- [Information provided]:
§
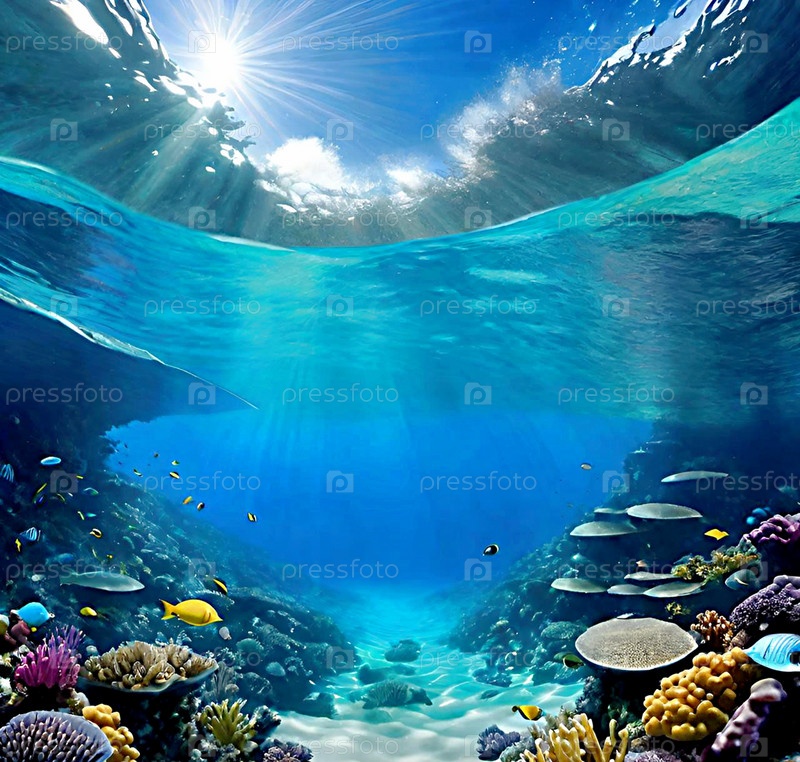 Вид со дна океана, водоема, подводный мир ИИ
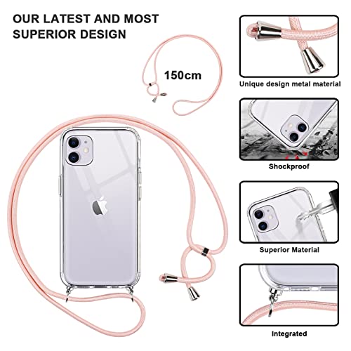 Vauki Cover per iPhone 11 con Cordino Silicone Trasparente Custodia con Regolabile Laccio Tracolla Collana per Cellulare Antiscivolo Antiurto Protettiva Case Compatible con iPhone 11 6,1",Oro Rosa
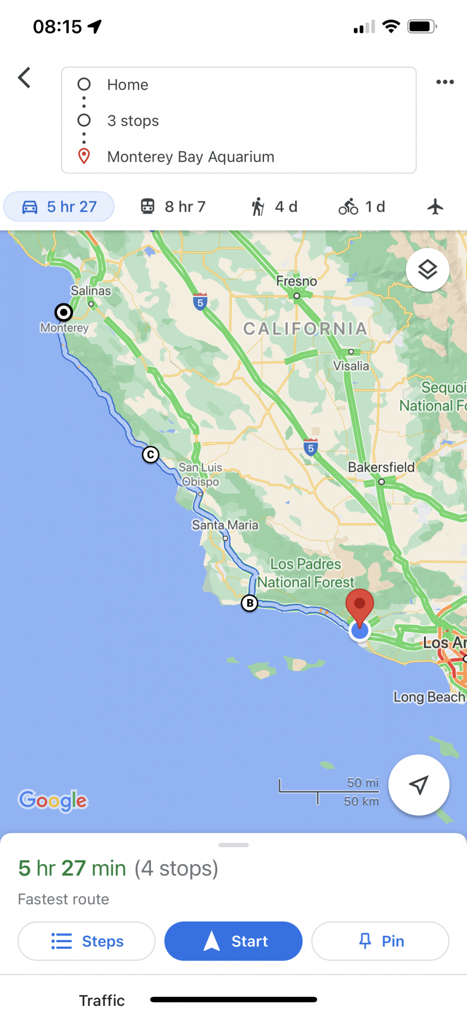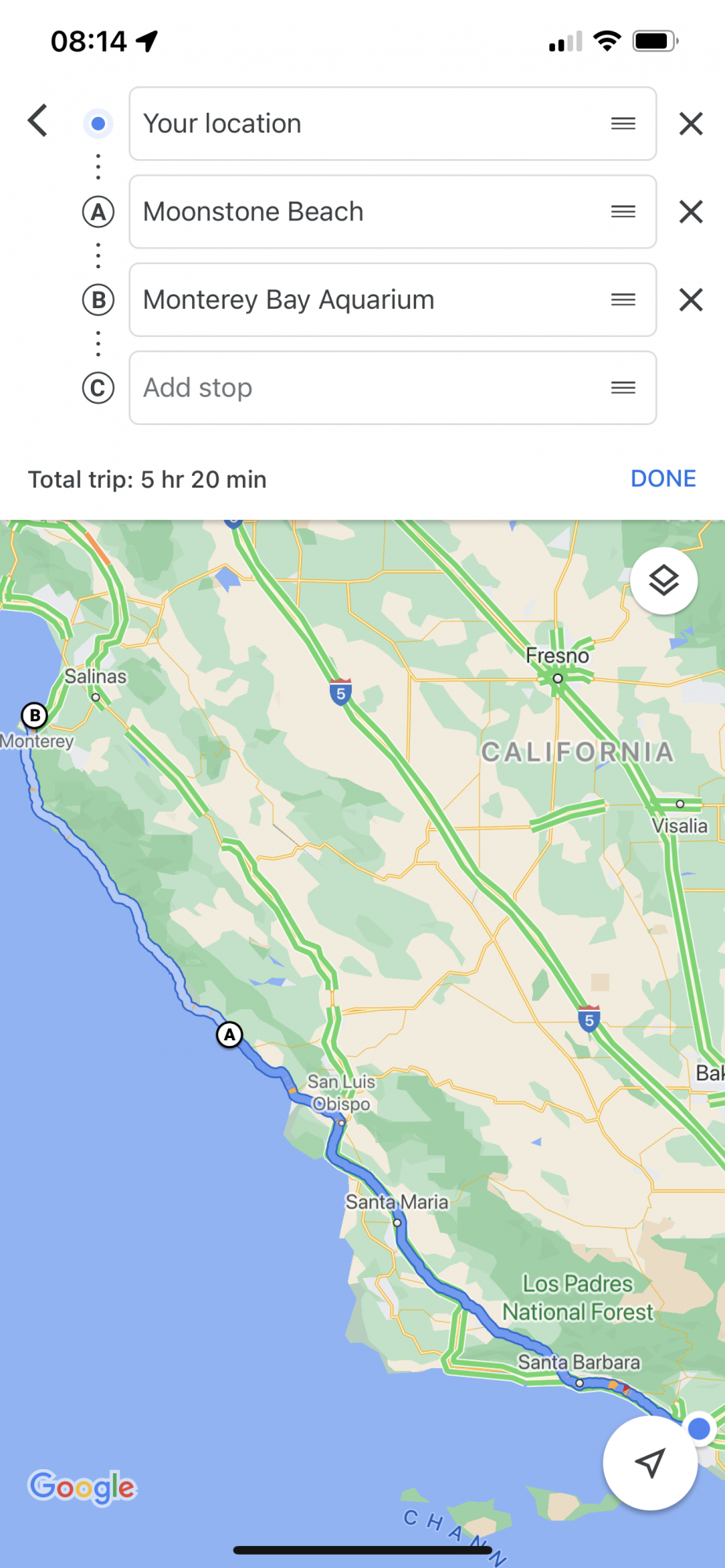 Recent trip to Napa Ca. I wanted to stop at Monterey Bay Aquarium, Winchester House, and Golden Gate Park on my trip up and planned for two days. In Google Maps I can place the entire trip with multiple stops adjusting on the fly as traffic or other aspects change. I cannot do that in Apple Maps. I wanted to do the US 1 to Monterey but AM would not let me even choose the route on either my iPad or iPhone. Surprisingly GM would not either on an Apple device but I could pick a midtrip point like Moonstone to force it on the map. However it would allow GM to mapit on my Android device. (see pics below)
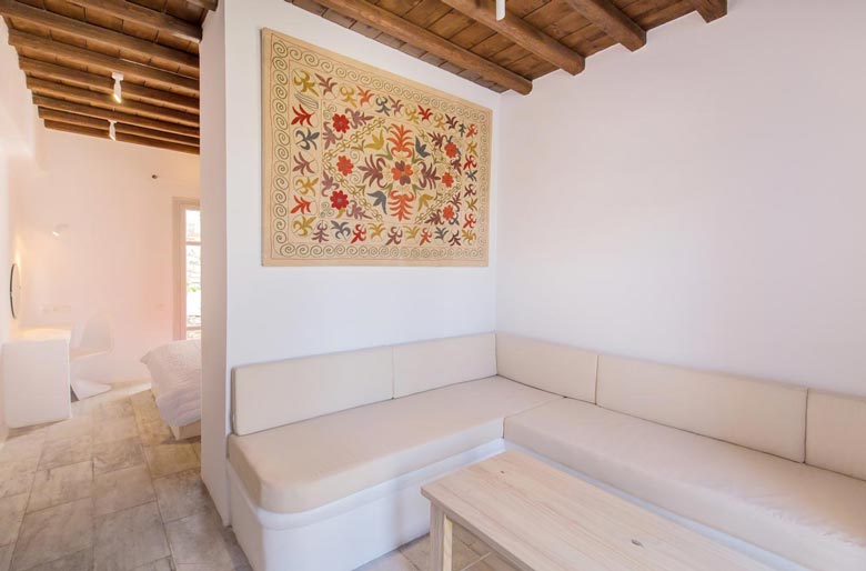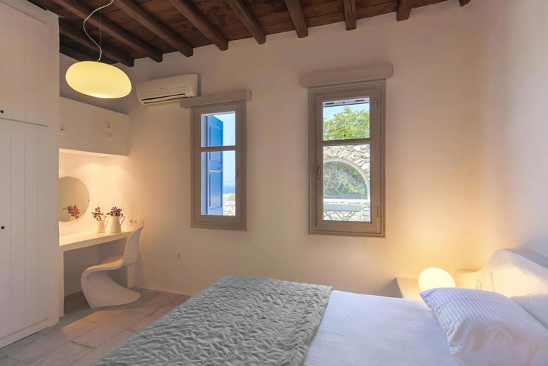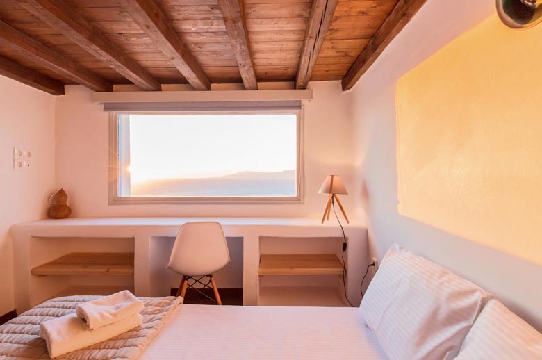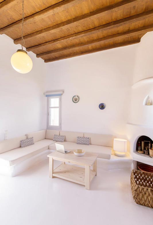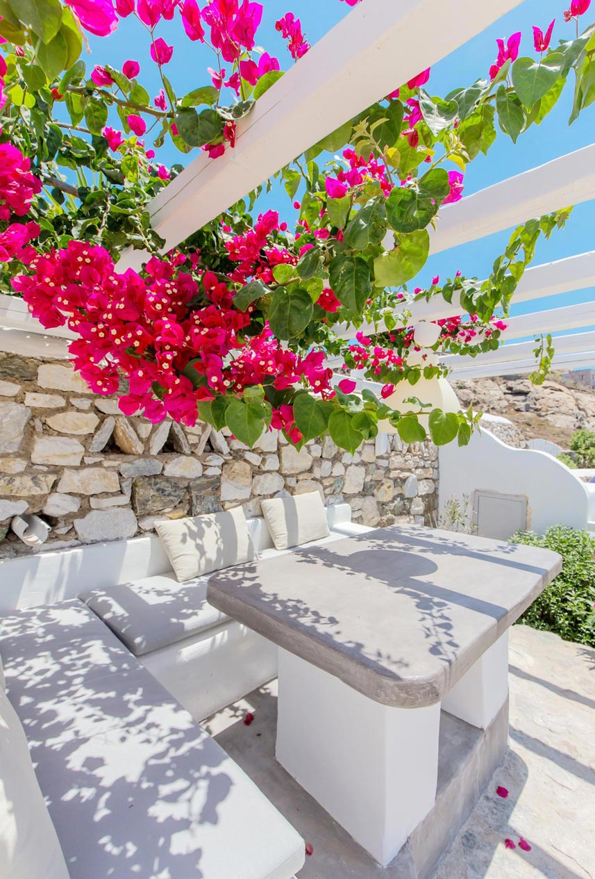 Located at Pouli hill in Kanalia area, one of the most famous spots in Mykonos, the villa offers charming outdoor spaces with sensational sunset views over the Aegean Sea and the tiny island of Delos. Its location is ideal for those that want to enjoy a romantic setting while at the same time being near some of the most popular beaches of Mykonos like Agios Ioannis beach and Ornos beach. The villa features 3 bedrooms plus one mezzanine with a sofa bed and 4 bathrooms, a fully equipped kitchen and beautiful dining and lounge areas inside and outside. Outside, there is a private area to relax and enjoy the sun and the sunset!
§
- [Work to be completed]:
What should appear is an exact reproduction of the lines from the one with "Vauki Cover per" through the end of the material above, and no pictures.

- [Answer below]:
 Vauki Cover per iPhone 11 con Cordino Silicone Trasparente Custodia con Regolabile Laccio Tracolla Collana per Cellulare Antiscivolo Antiurto Protettiva Case Compatible con iPhone 11 6,1",Oro Rosa
 Recent trip to Napa Ca. I wanted to stop at Monterey Bay Aquarium, Winchester House, and Golden Gate Park on my trip up and planned for two days. In Google Maps I can place the entire trip with multiple stops adjusting on the fly as traffic or other aspects change. I cannot do that in Apple Maps. I wanted to do the US 1 to Monterey but AM would not let me even choose the route on either my iPad or iPhone. Surprisingly GM would not either on an Apple device but I could pick a midtrip point like Moonstone to force it on the map. However it would allow GM to mapit on my Android device. (see pics below)
 Located at Pouli hill in Kanalia area, one of the most famous spots in Mykonos, the villa offers charming outdoor spaces with sensational sunset views over the Aegean Sea and the tiny island of Delos. Its location is ideal for those that want to enjoy a romantic setting while at the same time being near some of the most popular beaches of Mykonos like Agios Ioannis beach and Ornos beach. The villa features 3 bedrooms plus one mezzanine with a sofa bed and 4 bathrooms, a fully equipped kitchen and beautiful dining and lounge areas inside and outside. Outside, there is a private area to relax and enjoy the sun and the sunset!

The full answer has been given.